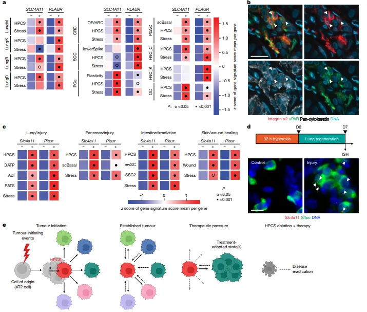 研究构建KP肺癌小鼠模型,通过Slc4a11位点敲入报告基因标记高可塑性细胞状态(HPCS);结合谱系追踪、分泌型荧光素酶纵向监测及细胞消融技术,探究HPCS功能;利用单细胞测序解析其细胞状态转换;通过化疗、靶向治疗结合消融实验验证治疗敏感性;借助uPAR CAR-T细胞靶向HPCS,同时跨癌种及再生上皮数据集验证HPCS保守性。
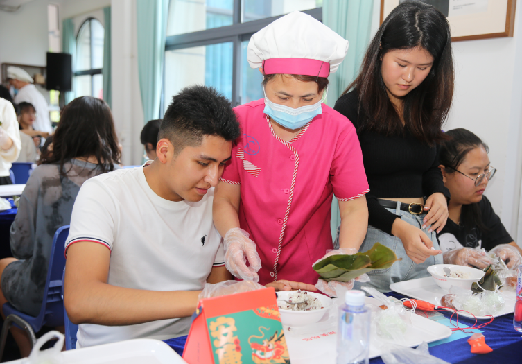 国际中文教育学院/海外教育学院徐艳艳老师图文并茂地为大家介绍包粽子等端午节俗,引起一众师生的浓厚兴趣,大家都迫不及待地想参与其中。粽子作为端午节必不可少的美食,其制作历史悠久,口味多样。包粽子可是一门学问,从食材的挑选,粽叶的拿捏,到粽绳的缠绕,以及如何让它在入水之后不“露馅”,这都是需要专业人员进行指导的。厦门大学后勤集团食堂工作人员一边为大家讲解包粽子的步骤一边示范做法,然而“师傅领进门,修行在个人”,起初大家包粽子的手法还不太熟练,有的漏米有的系不上绳,经过工作人员的细心指导,大家逐渐掌握了包粽子的方法,不一会儿,漂亮的粽子就成型了。这些粽子不仅是一种美味的食物,更是文化传承与延续的缩影。
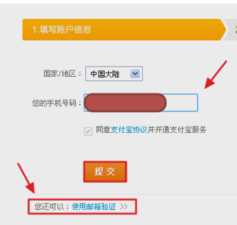 第三步:填写您的个人手机号码以便进行信息验证,您也可以使用邮箱进行验证
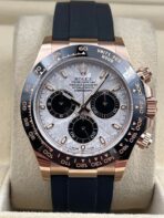 Introducing the Rolex Daytona 116515LN (Year: 2023) – a testament to timeless design and precision. This piece features a silver dial, rubber bracelet, and 40 mm rose gold case, making it a statement piece that effortlessly captures attention.
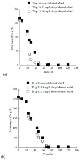 Enriched grape must employed as a substrate contained almost equivalent initial concentrations of glucose and fructose, while in the trials performed with TS0 adjusted to approximately 250 g/L, excessively high substrate concentrations were indeed employed (“very-high-gravity fermentation” conditions; [13]). It is well known that S. cerevisiae strains can ferment carbon sources like glucose and fructose even in the presence of oxygen, and, in several cases, indeed very high quantities of sugars have been assimilated by the employed strains in batch and/or fed-batch strategies [5,8,12,46,60]. The two newly isolated LMBF-Y 16 and LMBF-Y 18 strains were used in successive batch fermentations with grape must as the fermentation medium, and both yeast strains completed the fermentation rapidly as the final sugar concentration (TSr) was ≤5.2 g/L (see Table 2 and Table 3). At this concentration value, it is assumed that alcoholic fermentation under actual winemaking conditions has been adequately completed. The kinetics of total assimilated sugars vs. culture time of S. cerevisiae LMBF-Y 18 strain growing on (enriched) grape musts supplemented with 0.0, 0.1, and 1.0 mg/L of myclobutanil (Figure 6), were characterized by almost equivalent profiles, providing evidence that the addition of the biocide did not alter the sugar consumption rate of the employed strain under the present culture conditions.
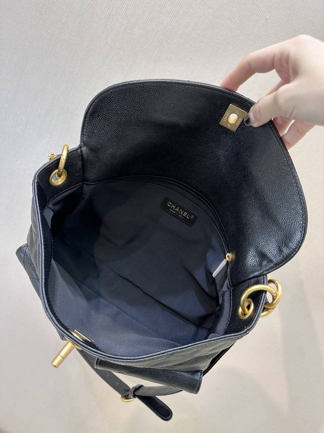 顶级货_ 法国 高端定制品 Chane1 Chanel25S 春夏Hobo抽绳水桶Mini 25Bag 复古金币纽扣抽绳水桶包+菱格纹牛皮 经典链条设计,高级感
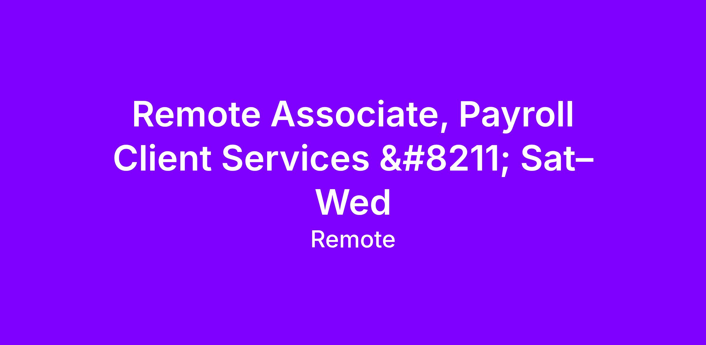 - Cross-functional collaboration: Work with Payroll Operations, Customer Experience, and other teams to support timely and accurate payroll cycles.
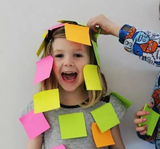 和孩子互相在对方身上贴满便签纸,然后在不依靠任何外力,不用手的情况下,带着孩子一起蹦跳抖动,直到把各自身上的便签纸全部抖落,看谁最先抖干净。

_Exercise directions_
From the data above, return only the lines starting at the line that holds "顶级货_ 法国 高端定制品" and ending at the line that holds "- Cross-functional collaboration: Work", word for word and without pictures.

_Exercise solution_
 顶级货_ 法国 高端定制品 Chane1 Chanel25S 春夏Hobo抽绳水桶Mini 25Bag 复古金币纽扣抽绳水桶包+菱格纹牛皮 经典链条设计,高级感
 - Cross-functional collaboration: Work with Payroll Operations, Customer Experience, and other teams to support timely and accurate payroll cycles.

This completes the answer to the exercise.